Democratic presidential nominee Joe Biden takes off his face mask to speak during a drive-in campaign rally at Bucks County Community College on Oct. 24, 2020 in Bristol, Pennsylvania. (Drew Angerer/Getty Images/TNS)

There is no question that this year’s Presidential election has been a rollercoaster ride from start to finish. From the hectic Democratic primaries to the general election the country has been left with lots of questions and lots of confusion. 

This election was one that almost everyone in the country had their eye on very closely. Junior public relations major Justin Rocha was one of them. “I was pretty invested in it. I was expecting it to be really close and I wasn’t sure who was going to win,” Rocha said. “I was definitely expecting a toxic environment in the country after the results were announced. This is the most polarizing election that I’ve personally seen, so I was expecting whichever side lost to be very upset.” 

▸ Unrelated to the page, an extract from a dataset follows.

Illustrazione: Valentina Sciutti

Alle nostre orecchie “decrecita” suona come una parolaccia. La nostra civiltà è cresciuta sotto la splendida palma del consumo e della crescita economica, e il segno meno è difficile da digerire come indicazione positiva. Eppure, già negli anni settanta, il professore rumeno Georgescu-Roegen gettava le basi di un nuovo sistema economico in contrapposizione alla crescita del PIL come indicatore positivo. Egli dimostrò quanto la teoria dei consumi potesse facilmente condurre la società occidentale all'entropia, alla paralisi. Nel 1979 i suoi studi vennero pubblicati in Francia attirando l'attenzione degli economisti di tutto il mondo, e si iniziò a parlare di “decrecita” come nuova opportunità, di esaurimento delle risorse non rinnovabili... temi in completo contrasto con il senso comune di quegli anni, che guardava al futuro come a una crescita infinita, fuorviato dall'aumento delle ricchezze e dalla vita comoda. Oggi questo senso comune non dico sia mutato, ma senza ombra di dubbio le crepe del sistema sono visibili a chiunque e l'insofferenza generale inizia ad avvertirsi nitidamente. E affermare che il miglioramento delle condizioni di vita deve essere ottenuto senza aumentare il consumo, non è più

For public relations major junior Lizzie Mahan, she was unsure of her expectations for the election. “I would say I’m in the middle. I know a lot about issues and the election and I care about the outcome, but I can’t answer very specific questions if they’re thrown at me,” Mahan said. “I didn’t have any expectations for this outcome because I didn’t truly know how the outcome would be.”

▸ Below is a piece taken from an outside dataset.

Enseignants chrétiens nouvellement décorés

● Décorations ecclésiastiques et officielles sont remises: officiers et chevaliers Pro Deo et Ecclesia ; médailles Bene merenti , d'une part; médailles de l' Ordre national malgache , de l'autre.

While Mahan was unsure of her exact expectations, she was spot on with one of them: how President Trump has reacted to the outcome of the election. “I expected a lot of anger from whoever lost. I figured if Trump lost he’d try to find a lot of mistakes with how the election was counted,” she said.“I figured there would be a lot of riots in the larger cities no matter who won.”

Now that the election is starting to draw to a close, even with recounts and lawsuits going on in several key states, the nation is starting to transition into dealing with the aftermath of it all. 

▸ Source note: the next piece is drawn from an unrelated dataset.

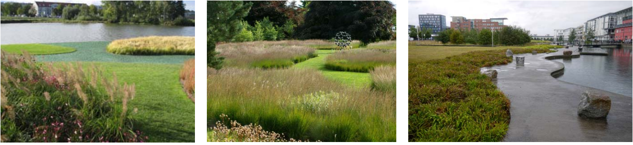
Ryc. 12. c/ Wystawa Ogrodowa BUGA, Schwerin 2009, fot. A. Zachariasz; b/ Piet Oudolf, Trentham Gardens – “Rivers of Grass”, http://acousticgardens.blogspot.com/2010/09/sunny-day-at-last.html , retrieved on 07.2017; c/ Anchor Park w Västre Hamnen w Malmö, fot. A. Zachariasz

Rocha had concerns for what Biden’s win means for a transition of power in the upcoming months. “Seeing how Trump’s refusing to concede is honestly very concerning,” he said. “I think the criticism against Trump doing this is warranted. The response at Virginia Tech seems to be against what Trump’s doing from what I can see. It’s going completely against the concept of a peaceful transition of power, and I hope it gets settled sooner rather than later.”

Mahan had a sense of the election not being done with yet, although we are transitioning into the end stages of it. “I kind of saw all this coming with the Republicans rioting, the big Democratic cities super excited and the general feeling that it’s not over yet.” 

Even though there is current unrest across many areas in the country, both Rocha and Mahan were hopeful of a new normal come January. “In the long term, I think everyone will be fine once the new president sets in and people get used to it.”